─── Material provided ───

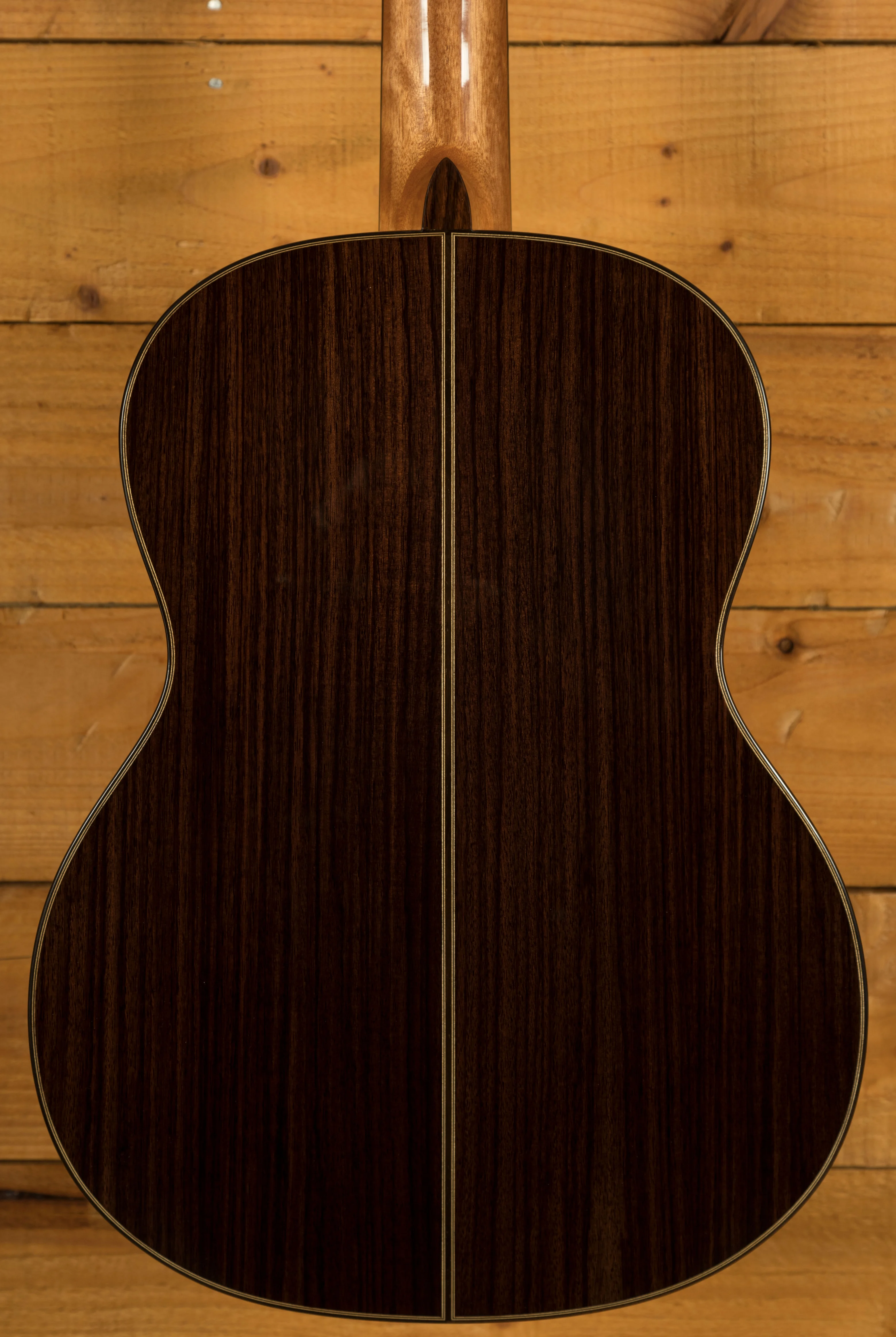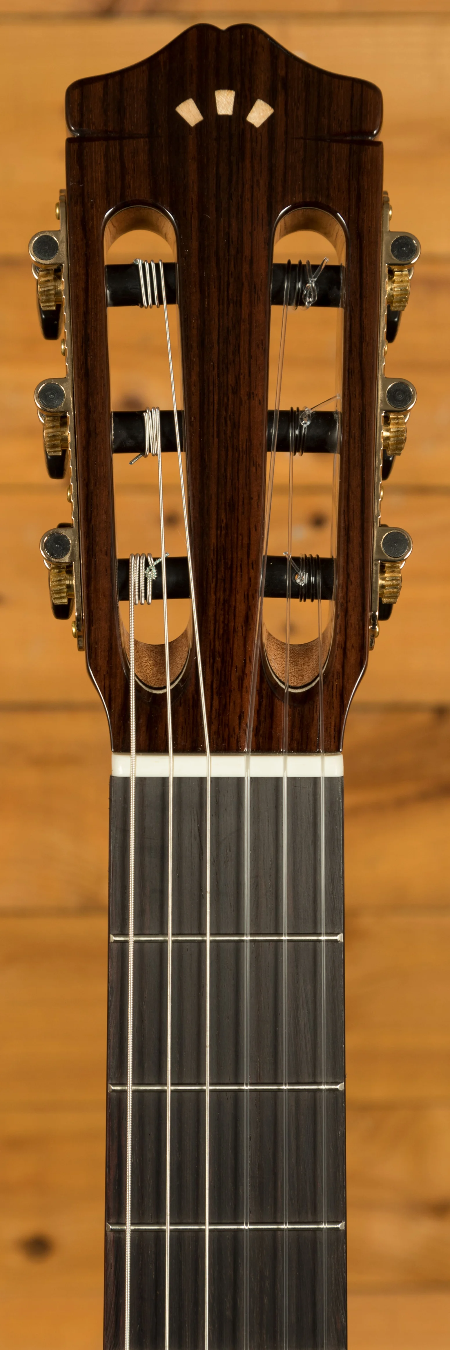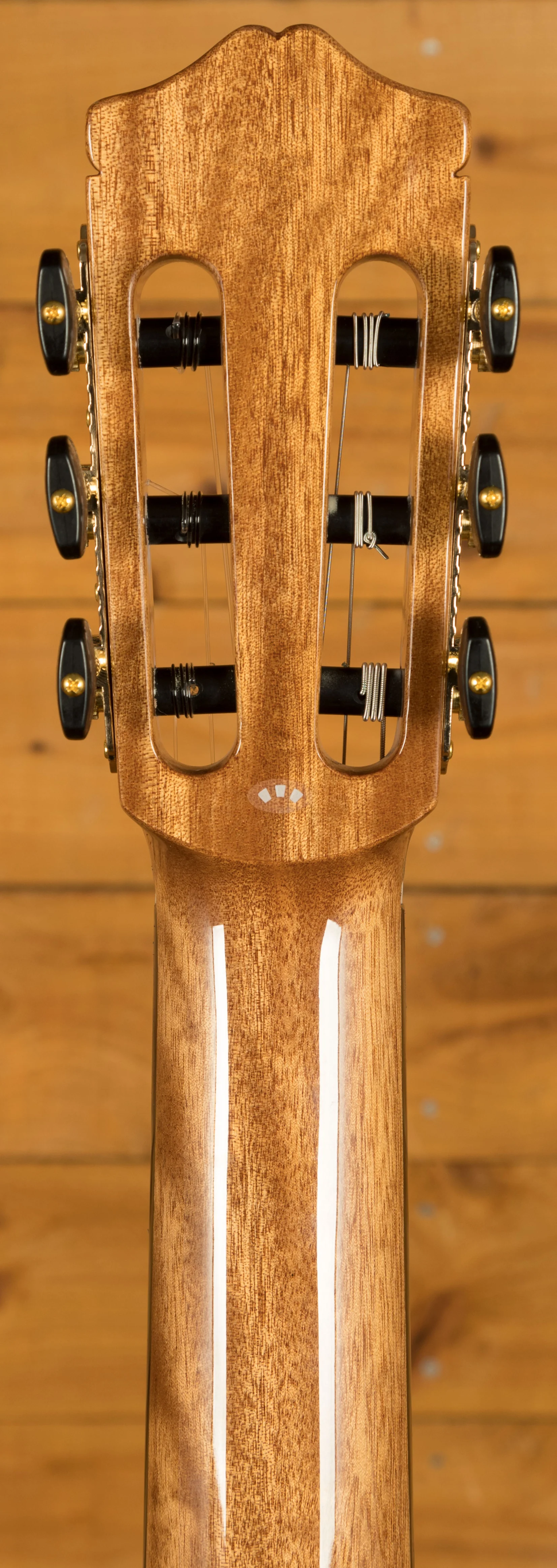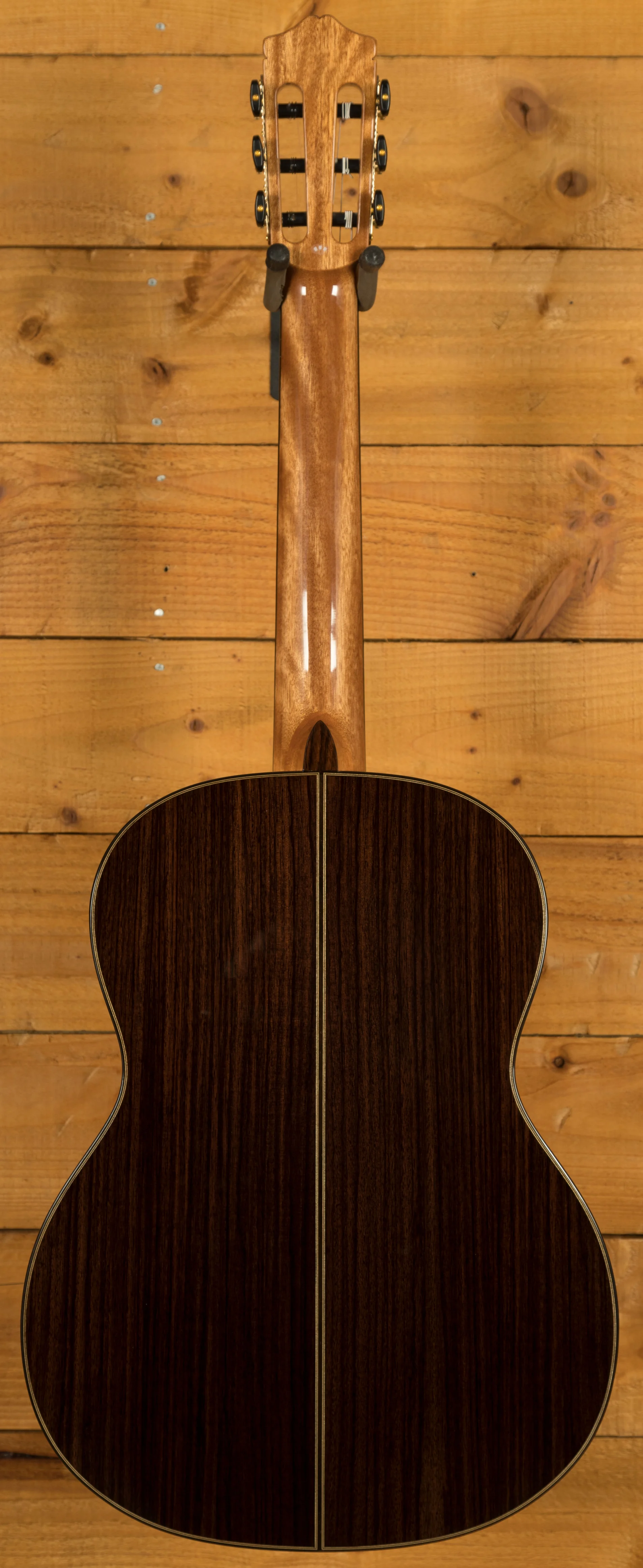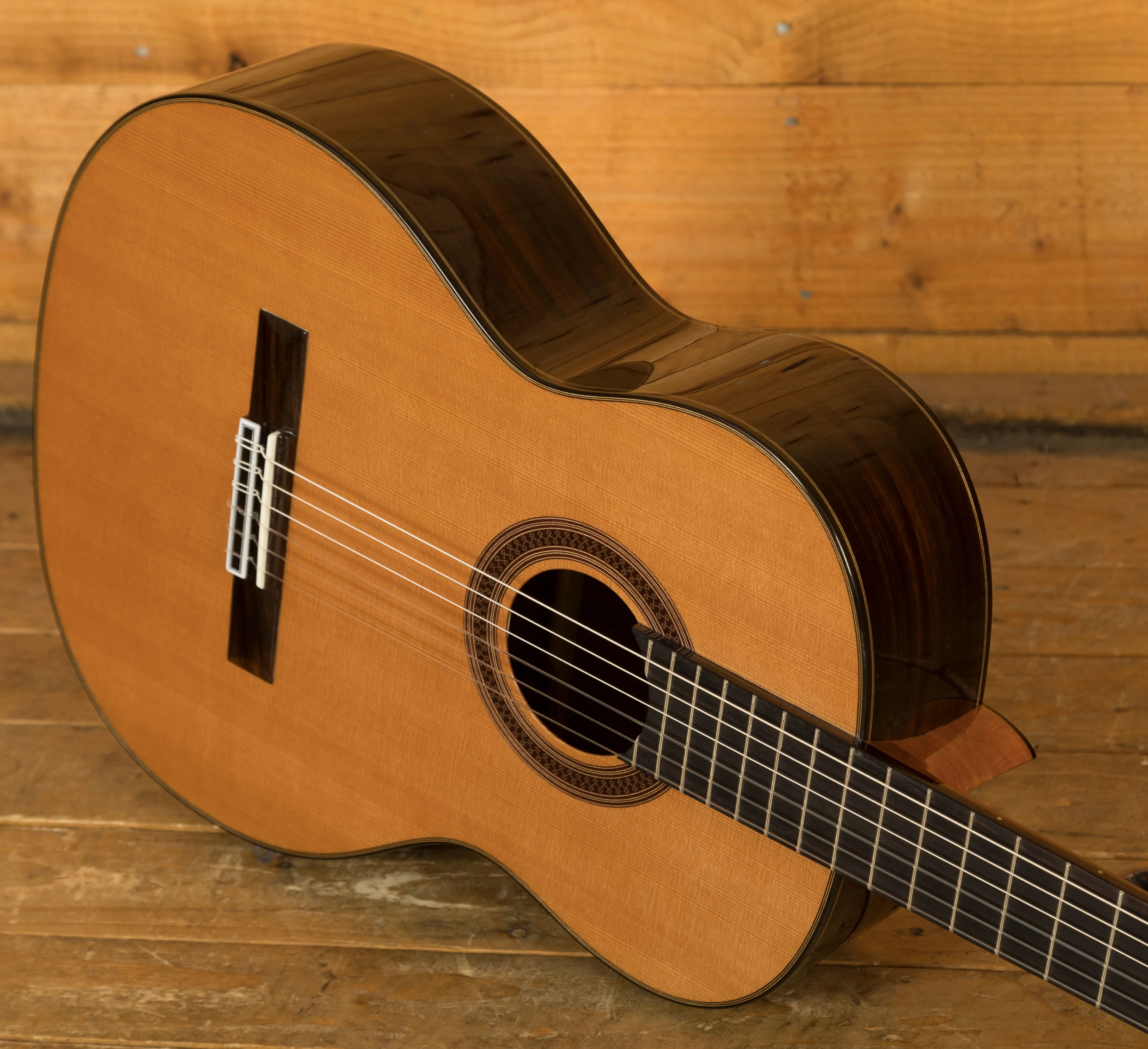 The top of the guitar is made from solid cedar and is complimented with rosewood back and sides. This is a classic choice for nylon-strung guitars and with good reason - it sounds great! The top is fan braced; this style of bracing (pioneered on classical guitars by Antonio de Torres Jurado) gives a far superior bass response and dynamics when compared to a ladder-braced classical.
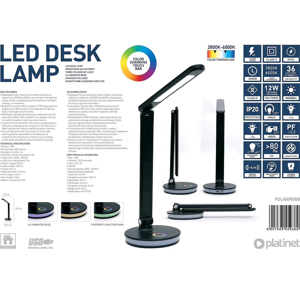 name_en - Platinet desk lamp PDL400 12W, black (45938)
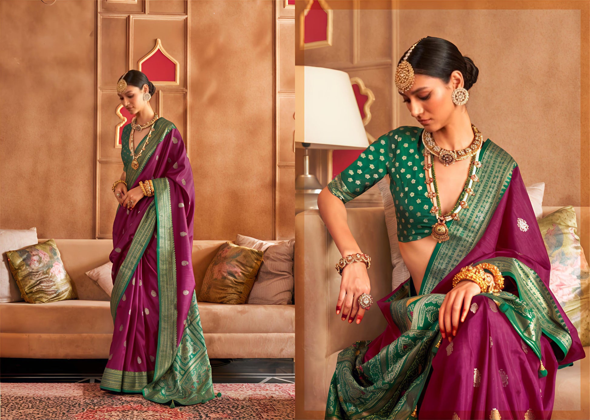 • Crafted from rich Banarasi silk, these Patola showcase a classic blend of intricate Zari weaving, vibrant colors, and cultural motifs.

───

An exact transcription of the data above is needed, without the pictures.

Written response >>
 The top of the guitar is made from solid cedar and is complimented with rosewood back and sides. This is a classic choice for nylon-strung guitars and with good reason - it sounds great! The top is fan braced; this style of bracing (pioneered on classical guitars by Antonio de Torres Jurado) gives a far superior bass response and dynamics when compared to a ladder-braced classical.
 name_en - Platinet desk lamp PDL400 12W, black (45938)
 • Crafted from rich Banarasi silk, these Patola showcase a classic blend of intricate Zari weaving, vibrant colors, and cultural motifs.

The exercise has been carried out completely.